* _What you are asked to do_: Restate word for word the lines below from the one that has "Рама стола изготовлена" through the one that has "Dave drives the", keeping both and dropping all pictures.

* _Data records_:
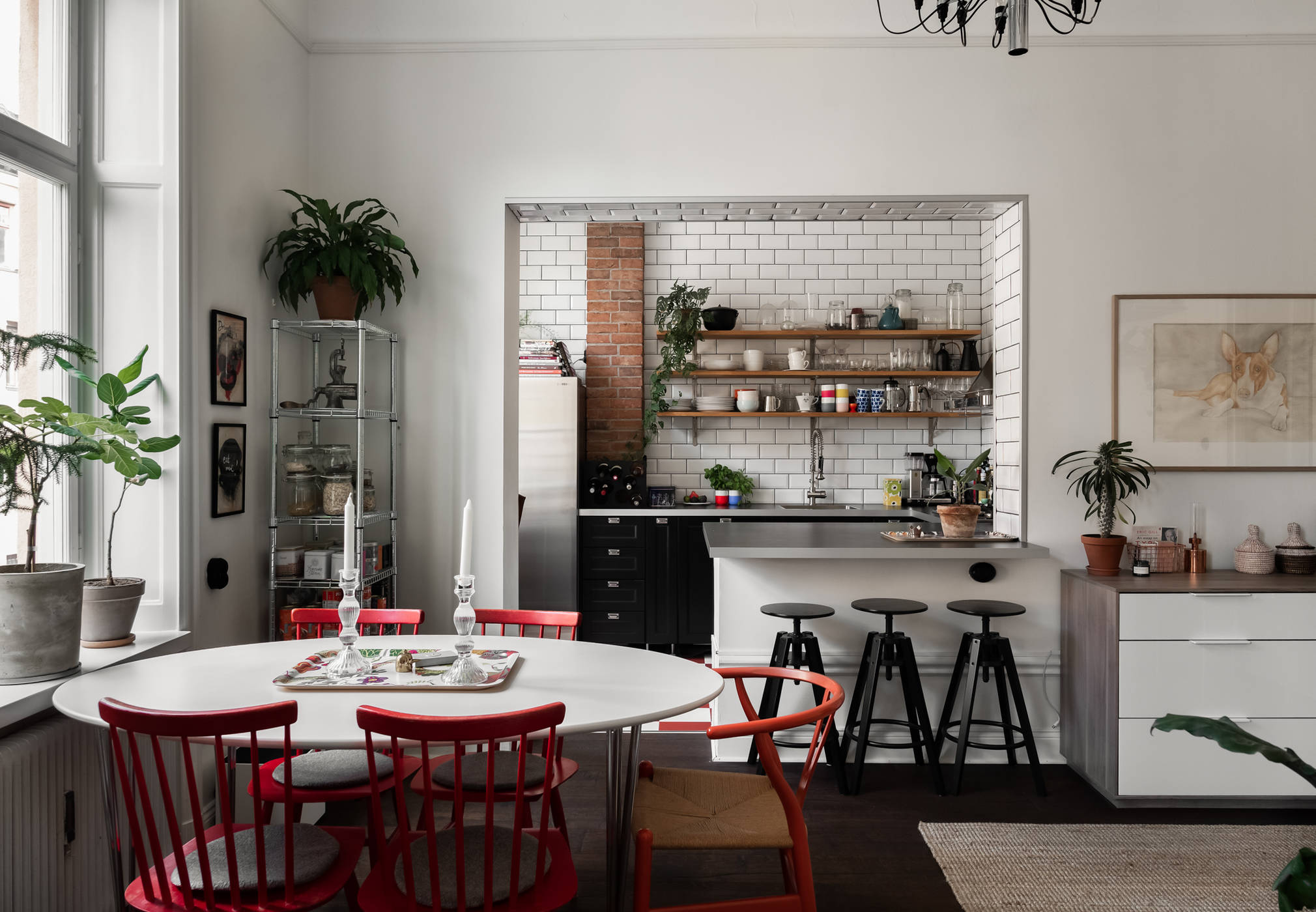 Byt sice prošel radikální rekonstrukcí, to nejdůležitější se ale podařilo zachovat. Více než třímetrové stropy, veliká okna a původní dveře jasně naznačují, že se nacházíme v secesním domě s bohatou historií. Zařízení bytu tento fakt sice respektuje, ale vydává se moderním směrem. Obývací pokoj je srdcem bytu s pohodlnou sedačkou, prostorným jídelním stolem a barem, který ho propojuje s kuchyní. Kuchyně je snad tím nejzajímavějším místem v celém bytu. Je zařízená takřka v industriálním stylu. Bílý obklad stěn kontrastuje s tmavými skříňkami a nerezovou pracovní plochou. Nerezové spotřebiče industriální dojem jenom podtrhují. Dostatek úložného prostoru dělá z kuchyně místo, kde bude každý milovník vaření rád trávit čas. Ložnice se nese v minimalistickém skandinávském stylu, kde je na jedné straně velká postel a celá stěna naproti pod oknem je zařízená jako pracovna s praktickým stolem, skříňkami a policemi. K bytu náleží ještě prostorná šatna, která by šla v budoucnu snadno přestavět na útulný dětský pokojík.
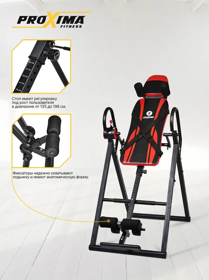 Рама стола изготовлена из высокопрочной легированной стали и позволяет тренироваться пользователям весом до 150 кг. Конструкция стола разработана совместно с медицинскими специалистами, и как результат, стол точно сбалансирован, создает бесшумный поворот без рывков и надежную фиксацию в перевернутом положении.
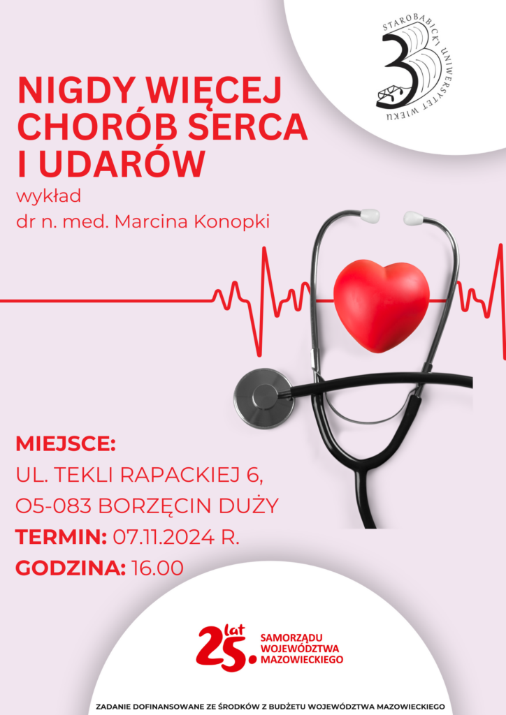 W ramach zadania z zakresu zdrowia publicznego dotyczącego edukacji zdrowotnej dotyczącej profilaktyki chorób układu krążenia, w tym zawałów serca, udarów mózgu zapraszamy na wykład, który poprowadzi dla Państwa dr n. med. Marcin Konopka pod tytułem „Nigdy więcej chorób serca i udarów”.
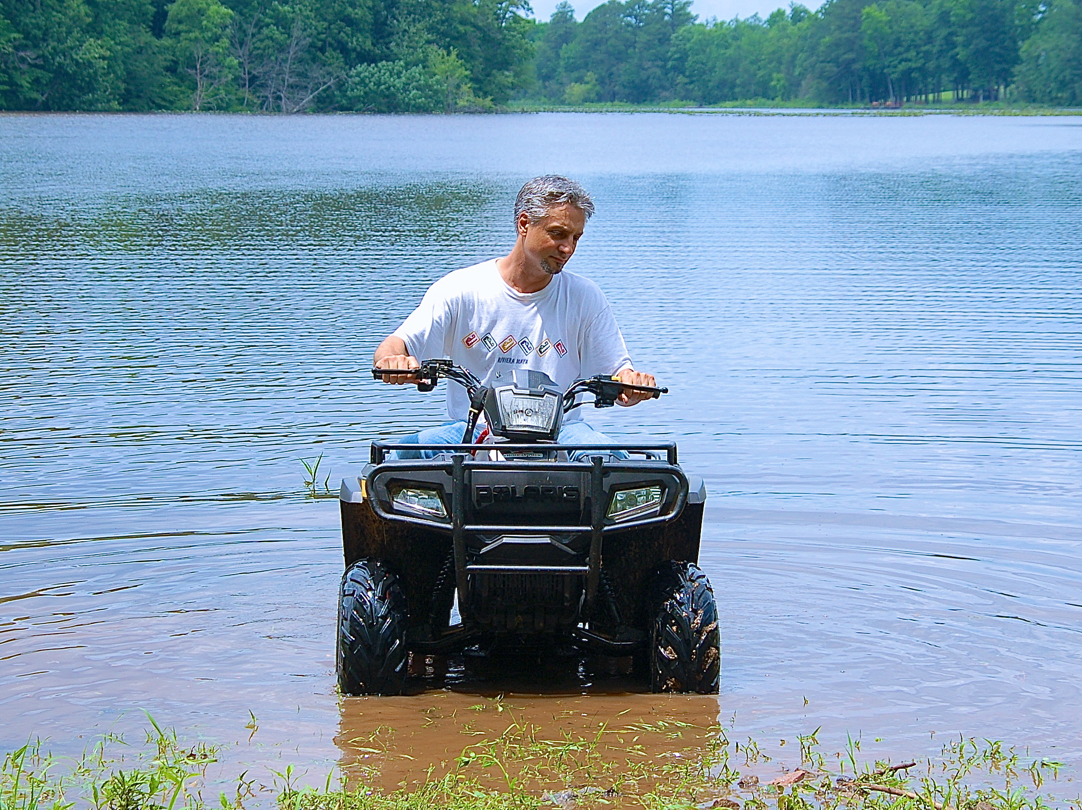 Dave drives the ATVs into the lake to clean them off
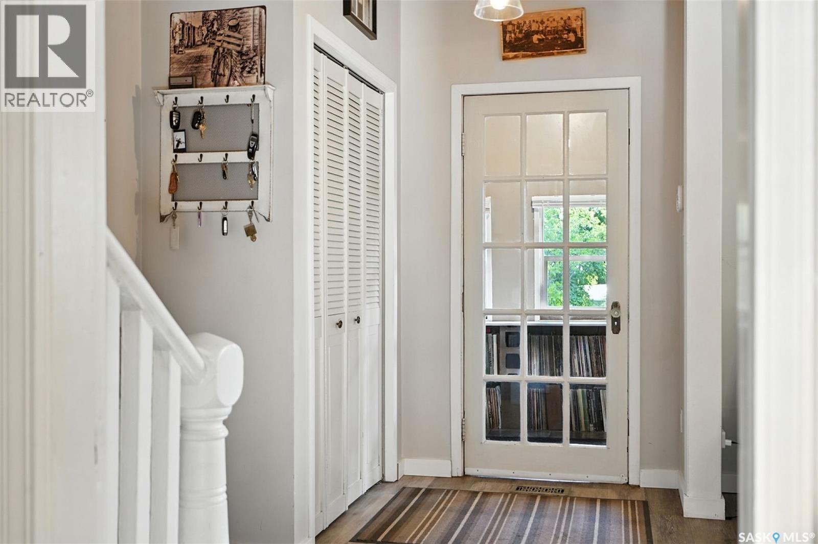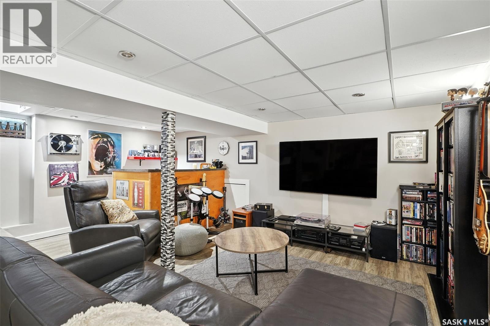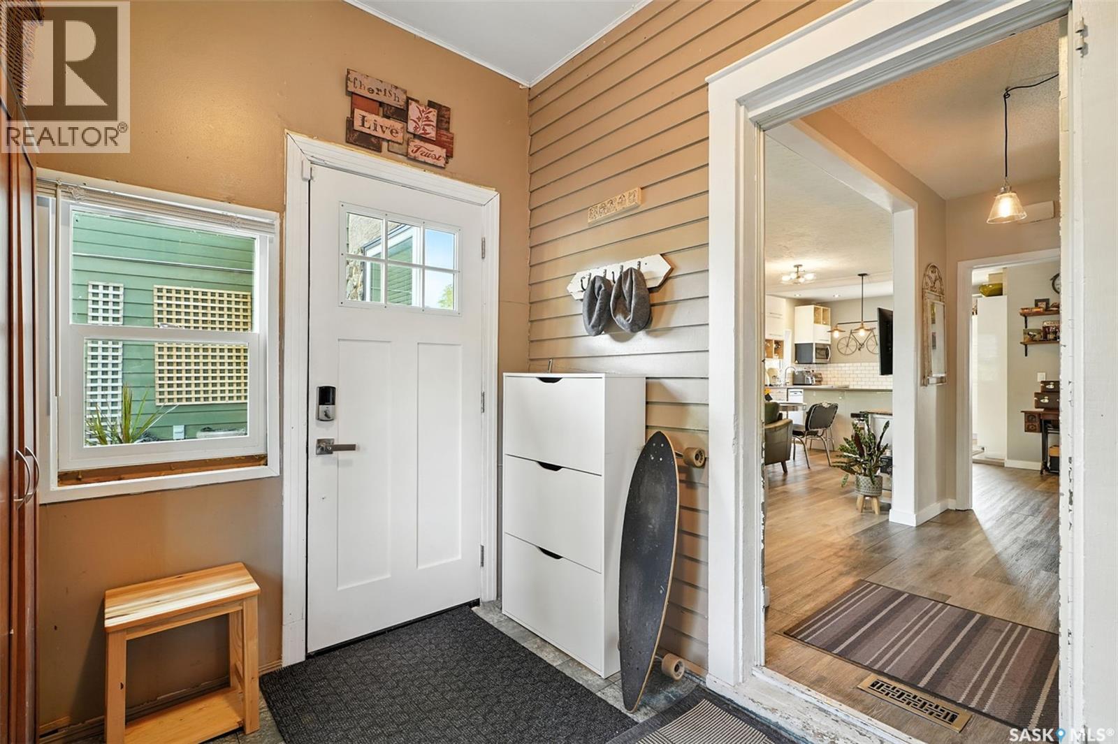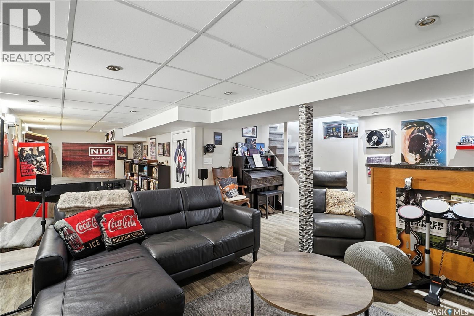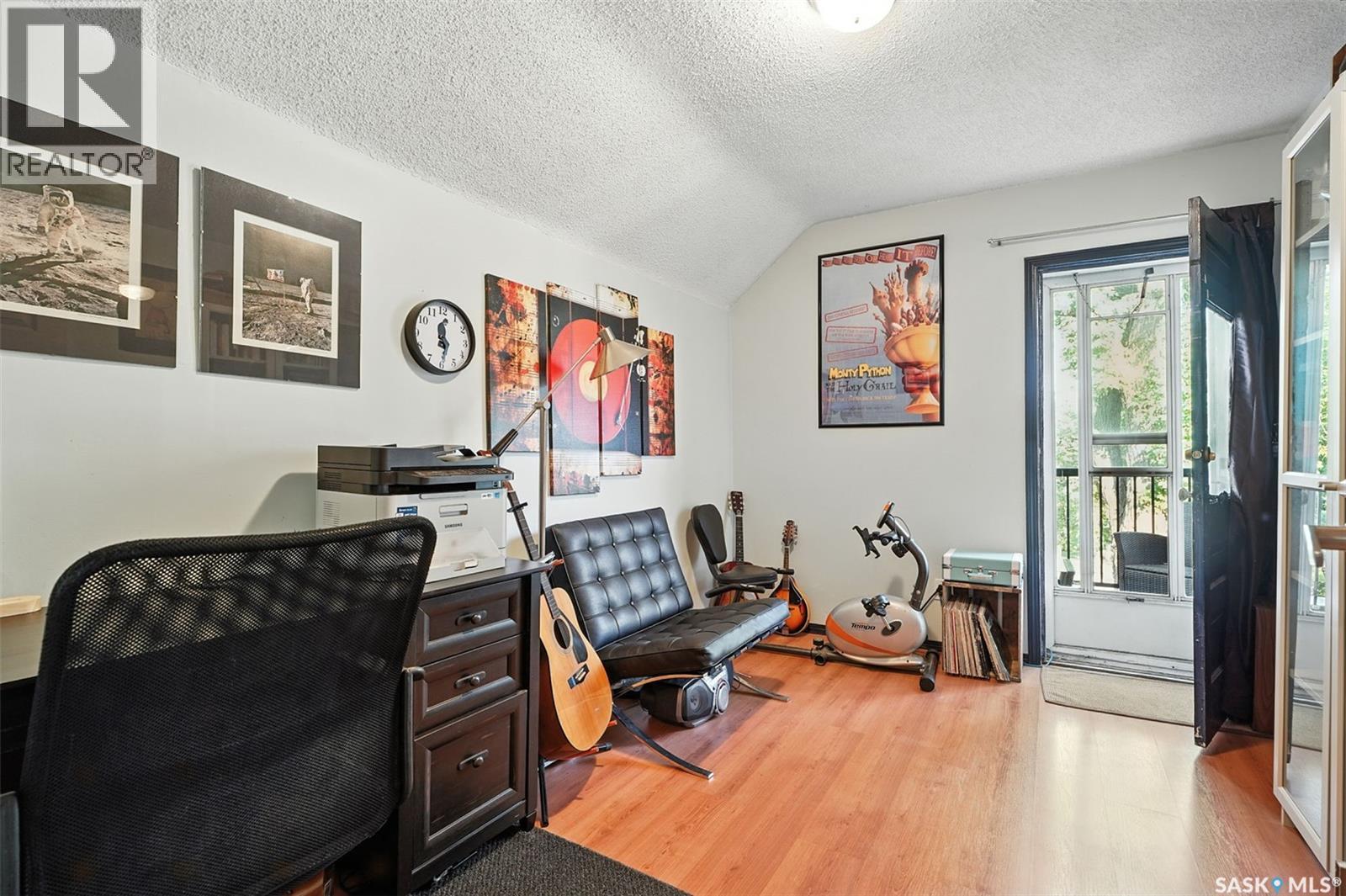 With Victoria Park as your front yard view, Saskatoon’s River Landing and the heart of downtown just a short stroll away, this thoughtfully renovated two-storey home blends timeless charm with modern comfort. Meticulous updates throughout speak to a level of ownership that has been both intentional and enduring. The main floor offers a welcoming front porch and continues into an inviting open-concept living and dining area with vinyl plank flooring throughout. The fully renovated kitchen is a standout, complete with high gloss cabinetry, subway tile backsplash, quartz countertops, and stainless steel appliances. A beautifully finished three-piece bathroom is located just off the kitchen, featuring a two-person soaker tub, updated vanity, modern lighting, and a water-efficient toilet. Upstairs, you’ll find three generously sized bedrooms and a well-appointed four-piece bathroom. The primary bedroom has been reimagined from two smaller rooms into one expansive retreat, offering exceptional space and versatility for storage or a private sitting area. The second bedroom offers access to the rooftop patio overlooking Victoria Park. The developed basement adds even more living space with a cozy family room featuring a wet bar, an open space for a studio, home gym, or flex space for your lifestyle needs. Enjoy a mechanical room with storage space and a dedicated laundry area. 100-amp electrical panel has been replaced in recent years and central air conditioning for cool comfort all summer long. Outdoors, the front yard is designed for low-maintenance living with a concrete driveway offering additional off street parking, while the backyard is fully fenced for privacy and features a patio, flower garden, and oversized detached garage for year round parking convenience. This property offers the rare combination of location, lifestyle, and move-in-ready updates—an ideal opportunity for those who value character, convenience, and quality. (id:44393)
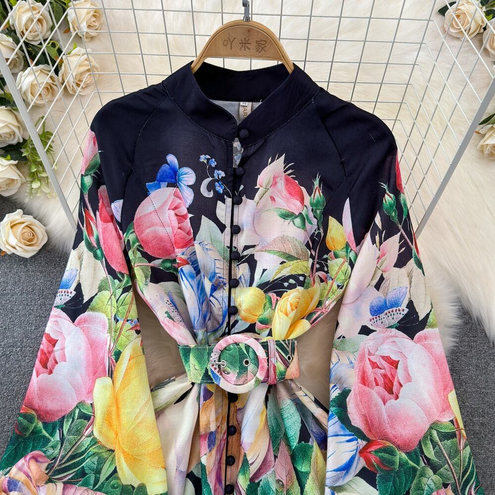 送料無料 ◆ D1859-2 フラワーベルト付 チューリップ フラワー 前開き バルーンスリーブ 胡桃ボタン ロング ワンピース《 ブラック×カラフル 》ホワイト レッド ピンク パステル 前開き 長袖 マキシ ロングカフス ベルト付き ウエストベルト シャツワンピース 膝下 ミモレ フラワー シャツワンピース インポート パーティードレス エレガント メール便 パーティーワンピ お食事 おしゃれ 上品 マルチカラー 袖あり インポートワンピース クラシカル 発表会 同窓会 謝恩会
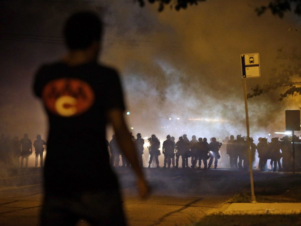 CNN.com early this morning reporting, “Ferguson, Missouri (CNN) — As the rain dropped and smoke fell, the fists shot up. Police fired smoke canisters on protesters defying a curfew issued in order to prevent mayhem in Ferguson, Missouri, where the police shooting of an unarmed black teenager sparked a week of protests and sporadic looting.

* _Task answer_:
 Рама стола изготовлена из высокопрочной легированной стали и позволяет тренироваться пользователям весом до 150 кг. Конструкция стола разработана совместно с медицинскими специалистами, и как результат, стол точно сбалансирован, создает бесшумный поворот без рывков и надежную фиксацию в перевернутом положении.
 W ramach zadania z zakresu zdrowia publicznego dotyczącego edukacji zdrowotnej dotyczącej profilaktyki chorób układu krążenia, w tym zawałów serca, udarów mózgu zapraszamy na wykład, który poprowadzi dla Państwa dr n. med. Marcin Konopka pod tytułem „Nigdy więcej chorób serca i udarów”.
 Dave drives the ATVs into the lake to clean them off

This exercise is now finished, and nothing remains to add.